I have just had the last of my set of cycling lessons with Cat Daddy’s friend Gerard. (It was supposed to happen ages ago, but then I had appendicitis and somehow I haven’t got around to rearranging it until now.)
We usually choose Monday morning as our cycling day, because there are fewer people in the parks than on a weekend. However: DOGS. Mon Dieu. Cycling in a park with dogs is like cycling in and out of moving land mines.
The horrors we were forced to endure during our last session included the following:
1. A russet-coloured sausage dog who sat stone-still in the middle of the path whilst his human was on the phone*, then sprang out in front of me just as we attempted to overtake him. The human did apologise but it was a dismissive kind of “Sorry” … and she remained on the phone.
2. A large, honey-coloured Labrador-type beast who chased us, barking, whilst his human was on the phone*. Gerard decided to bark back at him, which scared him witless and sent him packing.

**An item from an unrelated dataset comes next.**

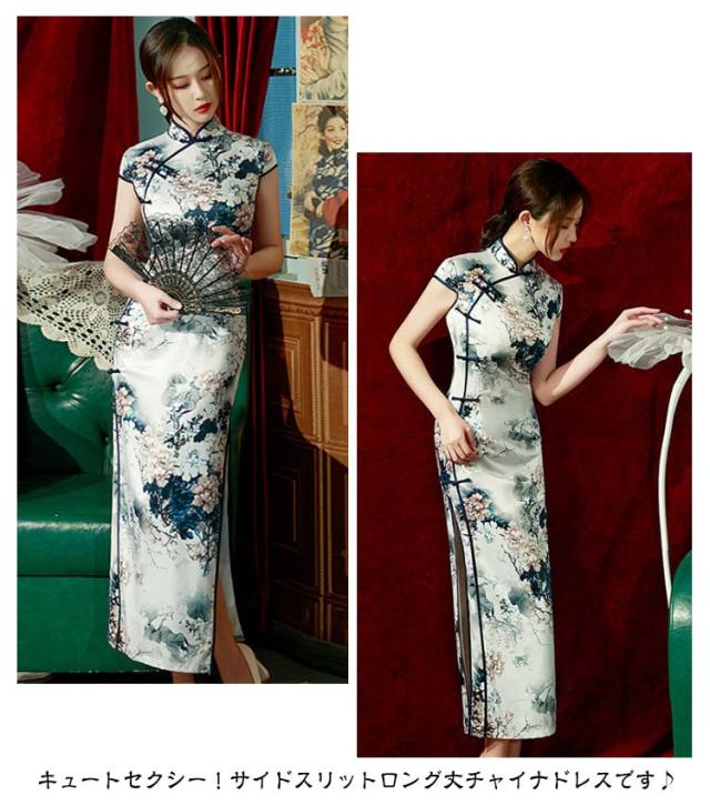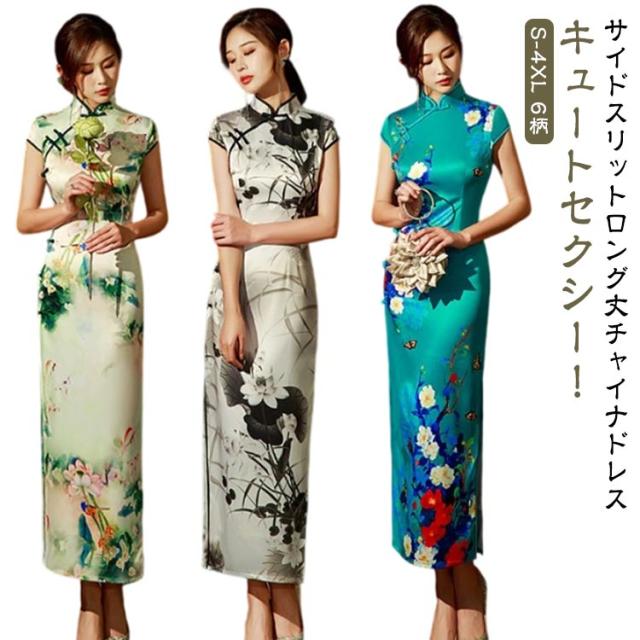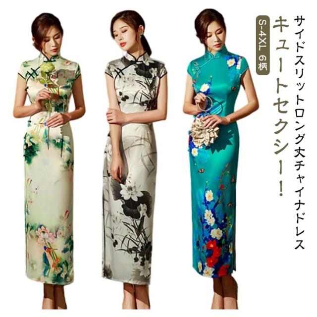 パーティー チャイナドレス 大きいサイズ セクシー 半袖 セクシーチャイナ ドレス S-4XL チャイナ ロング ロングチャイナ サイドスリット ロング丈 チャイナドレス コスチューム コスプレ 衣装 キャバ お水

3. A brown and white spaniel-type thing who offered us his stick, whilst his human was on the phone*. Gerard picked it up and threw it just a fraction of a second before his brain informed him that doing so was a legally-binding contract and that, from that moment onwards, he was obliged to keep throwing the stick forever more. We then had to cycle extra fast to get away from him.
*Do you see a pattern emerging here?
Cats, surely, are less trouble than this? Well, ok, Louis Catorze isn’t. But most normal cats are, right?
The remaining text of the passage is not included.